The killer was caught and convicted. But that was of no comfort to Pops.

"I had no will to live anymore. I had several heart attacks in the past. I figured meth makes the heart go faster, maybe it'll explode on me. And it didn't," he says. "So I used it to numb myself. And it wouldn't kill it, it wouldn't kill the pain."

Earlier this year, Pops was sleeping outside on the ground, "on rocks" near the PFC on Willard, when someone put a bottle of water and a granola bar by his head. That was Jan. 

This small gesture from a stranger brought Pops back from the brink. "He's my lifesaver," Pops says.  

He gives Jan credit, but says his experience is that to get off drugs, to step back from suicide, and to get out of the homeless life, "you've got to want to."

Pops thinks that some of the homeless in Kalamazoo are in their position because "they'd rather have the drugs than have a roof over their head. Because some of them have had roofs over their head, and they turned to drugs instead of paying the rent."

But there are others "who truly want to be off the streets. It's hard to tell the ones who want it from the ones that don't."

If the police continue to break up encampments, or if the community stops helping unsheltered people, Kalamazoo's homeless will still be somewhere in Kalamazoo County, Pops says.

"We have a lot of volunteers helping us out here. I shouldn't say 'us,' because I'm one of the volunteers that helps," he says of his current position in the community. 

When asked about the concerns of some that those working with the unsheltered help perpetuate people remaining unhoused, Pops said it does to an extent but the alternative is grim. "If they can't get food, if we didn't have volunteers, they'd all be dying off from starvation. If we didn't give them supplies to keep warm, they'd all freeze to death. That's not eliminating the problem, that's causing murder." 

When it comes to Kalamazoo Public Safety officers his interaction with the police when he was living outside usually went something like: "You gonna threaten me with a vacation? Take me. Three hots and a cot.... Give me 90 days, I don't care!"

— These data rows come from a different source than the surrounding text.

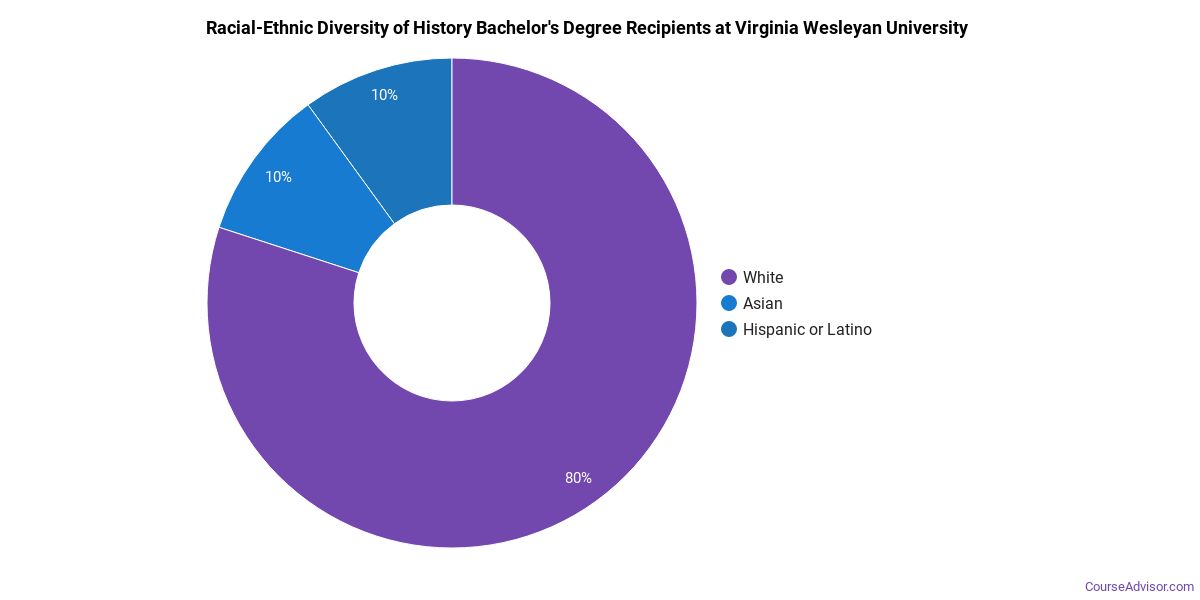 The following table and chart show the race/ethnicity for students who recently graduated from Virginia Wesleyan University with a bachelor's in history.
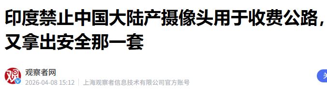 1.2026-04-08《印度禁止中国大陆产摄像头用于收费公路,又拿出安全那一套》-观察者网
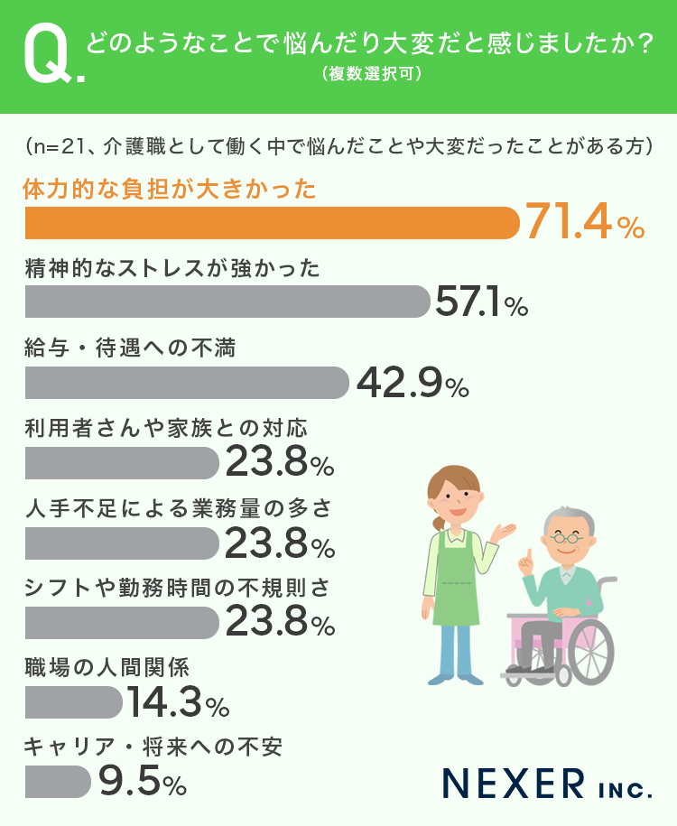 株式会社NEXER・介護職で悩んだこと・大変だったことに関する調査

There's a lot of theft for survival among the homeless, he says, and jail is a reward for someone living outside. "Just break a window someplace. Some people have done that, and they go to jail. But only over the weekend. 'We'll pat you on the hand, give you probation, and send you out the door. Pay restitution.'"

"You don't have the money to pay restitution, otherwise you wouldn't have had to break in to steal something! It's a catch-22."

There's a level of desperation Pops would like those with roofs over their heads to know. In the winter, people stay up all night. "You can't sleep when it's that cold. They're afraid they won't wake up," he says. "When they finally fall asleep in the morning, all the thieves come to steal their stuff."

"They steal to survive." Batteries are their only source of power, so they're commonly lifted at local stores. Another target is propane -- tanks are needed for heaters. Bikes, being the only means of transportation for someone who has nothing, often vanish. When Pops was homeless, "I had three bikes stolen in a month," he says.

There are some local housing efforts that give him hope. Pops recently visited the PlayGrown site on Ampersee, an effort to build small houses where the old encampment was. He has volunteered to use his skills in construction there once that's underway, with groundbreaking expected next spring.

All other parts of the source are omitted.